◆ TASK OBJECTIVE ◆
Since the records include pictures, leave those out while you reproduce exactly and only the lines from the one containing "蒲田駅を西口側に降りると、こ" through the one containing "A ação faz parte", inclusive.

**** STUDY MATERIAL

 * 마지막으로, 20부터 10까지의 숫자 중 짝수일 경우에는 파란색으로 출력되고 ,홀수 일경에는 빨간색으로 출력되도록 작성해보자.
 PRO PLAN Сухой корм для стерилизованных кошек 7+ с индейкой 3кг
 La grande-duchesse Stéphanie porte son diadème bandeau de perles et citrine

********
**** STUDY MATERIAL

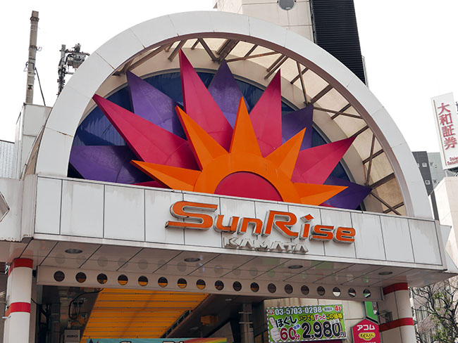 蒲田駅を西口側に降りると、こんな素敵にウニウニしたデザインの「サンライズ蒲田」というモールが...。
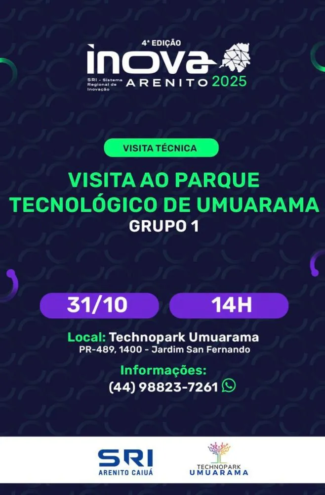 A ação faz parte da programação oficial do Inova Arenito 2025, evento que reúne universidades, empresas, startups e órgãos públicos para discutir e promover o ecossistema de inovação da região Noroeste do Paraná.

********

◆ SOLUTION TO THIS EXERCISE ◆
 蒲田駅を西口側に降りると、こんな素敵にウニウニしたデザインの「サンライズ蒲田」というモールが...。
 A ação faz parte da programação oficial do Inova Arenito 2025, evento que reúne universidades, empresas, startups e órgãos públicos para discutir e promover o ecossistema de inovação da região Noroeste do Paraná.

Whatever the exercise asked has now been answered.